From a security perspective, how do passwords and passkeys compare?
Passkeys are more secure than the traditional username/password authentication method for a number of reasons. First and foremost, you won't be able to use easy-to-crack passwords, such as “password.” Also, 2FA is built into the passkey and the only way someone could access your account would be to have both the private key and your biometric login or device pin code.
Do I need 2FA with my passkey?
No, because 2FA is built into passkeys.
Can my passkey be hacked?
Nothing is 100% foolproof. However, hacking a passkey would require considerable effort to not only gain access to the device where the private key is stored but to also break into your device, e.g. recreating your biometric login (fingerprint or face) or device pin code. Because of this, passkeys are far more secure than traditional methods.
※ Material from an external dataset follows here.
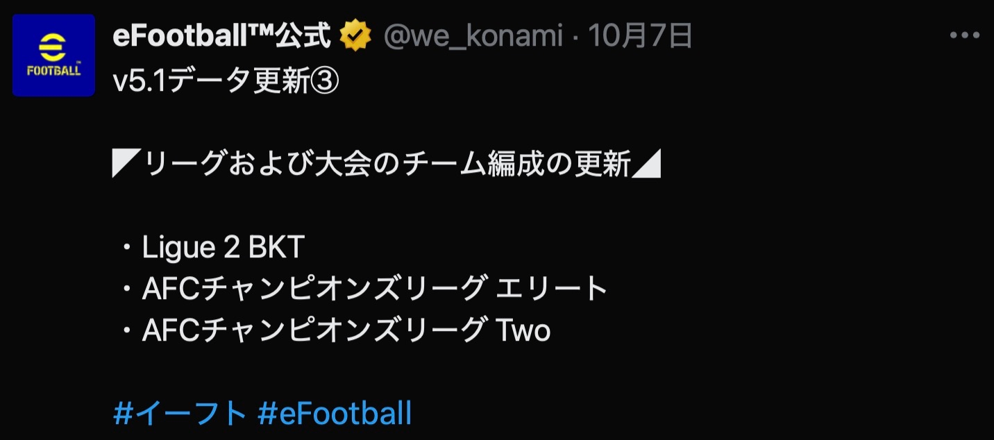 ・AFCチャンピオンズリーグ Two#イーフト #eFootball— eFootball™公式 (@we_konami) October 7, 2025

Google recently announced passkey support. Is this the same thing that Bitwarden is announcing?
Partly. Google announced that it has added support for passkey authentication for Workspaces accounts, meaning users can sign into their Google Workspace with a passkey instead of their usual password. Similarly, Bitwarden users will be able to access their Bitwarden accounts with a passkey instead of their master password.
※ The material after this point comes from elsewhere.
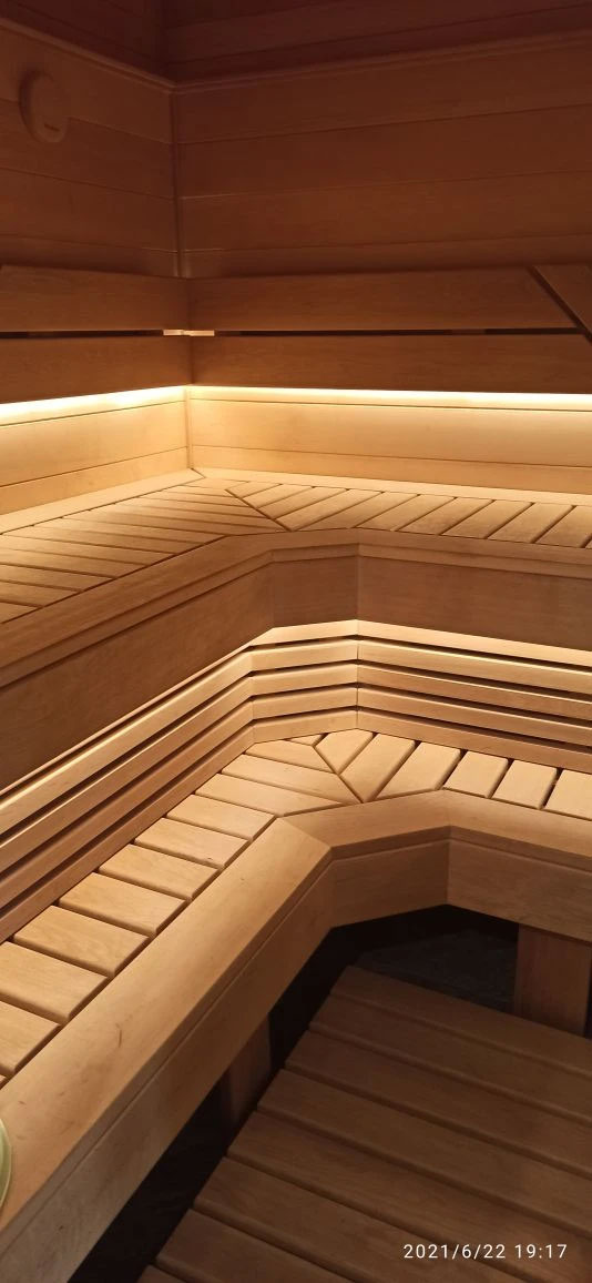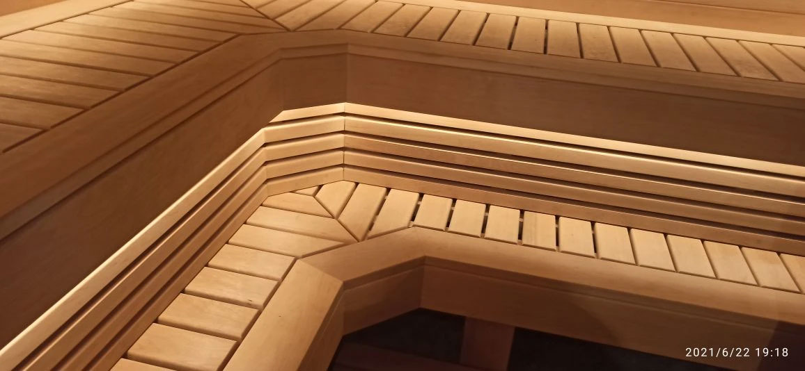 - Правильная древесина. Используем только доски камерной сушки из пород, устойчивых к высоким температурам и влаге. Такой материал не деформируется и не обжигает кожу.

Bitwarden also announced that users will be able to save, store, and manage registered passkeys associated with the websites and applications they use right within their vaults. So, Google now makes it possible to use passkeys for accounts and Bitwarden is capable of storing passkeys in vaults.
Do I use the same passkey regardless of the browser I’m on or will each site require a different passkey depending on the browser or device?
If you use Bitwarden to store your passkeys and the browser supports the Bitwarden extension (as well as the underlying technology of passkeys) you can access your accounts using the same passkeys, no need to create new ones. If you don’t store your passkeys in bitwarden it will depend on how well the browser integrates with your device OS (where the passkeys are stored).
What are some examples of sites that support passkeys?
The growing list of sites that support passkeys at the moment include Best Buy, Cloudflare, eBay, Google, Kayak, PayPal, and GitHub. A community-sourced Passkey Index is available on GitHub.
Are passkeys the same as passwordless?
Yes. Because passkeys do not require a password, they are considered a passwordless method of authentication. Note that Passkeys are in general safer than other means of passwordless authentication that can more easily be phished.
How will I use passkeys with Bitwarden? Do I still need a master password?
Coming fall 2023, users will be able to use a passkey to access their accounts without a master password. Users will also be able to store and secure their passkeys within their vaults.
Can passkeys be used across platforms? If not, are there any issues with having different passkeys depending on the platform you’re using?
Initially, passkeys work on the device that created it. Synced passkeys are coming next to be stored and managed across devices via a password manager that supports storing passkeys, such as Bitwarden.
Will I be locked into using passkeys if I adopt it?
That will depend on the site or the account. Some sites may only choose to offer passkey authentication, while others may offer traditional username/password authentication, username/password/2FA authentication.
Can passkeys be shared with other trusted individuals?
That depends on the platform. Some platforms, including Bitwarden, will make it possible to share passkeys with trusted individuals.
Is there support, such as a live chat representative to speak with if I’m having trouble with my passkey?
That will depend on the site. If a site supports passkey authentication and they offer support, they will be able to answer your questions regarding passkey authentication for that particular site.
If I no longer want to use my passkey, can I remove it?
Yes. This will be done in the same way you would remove a password on your device.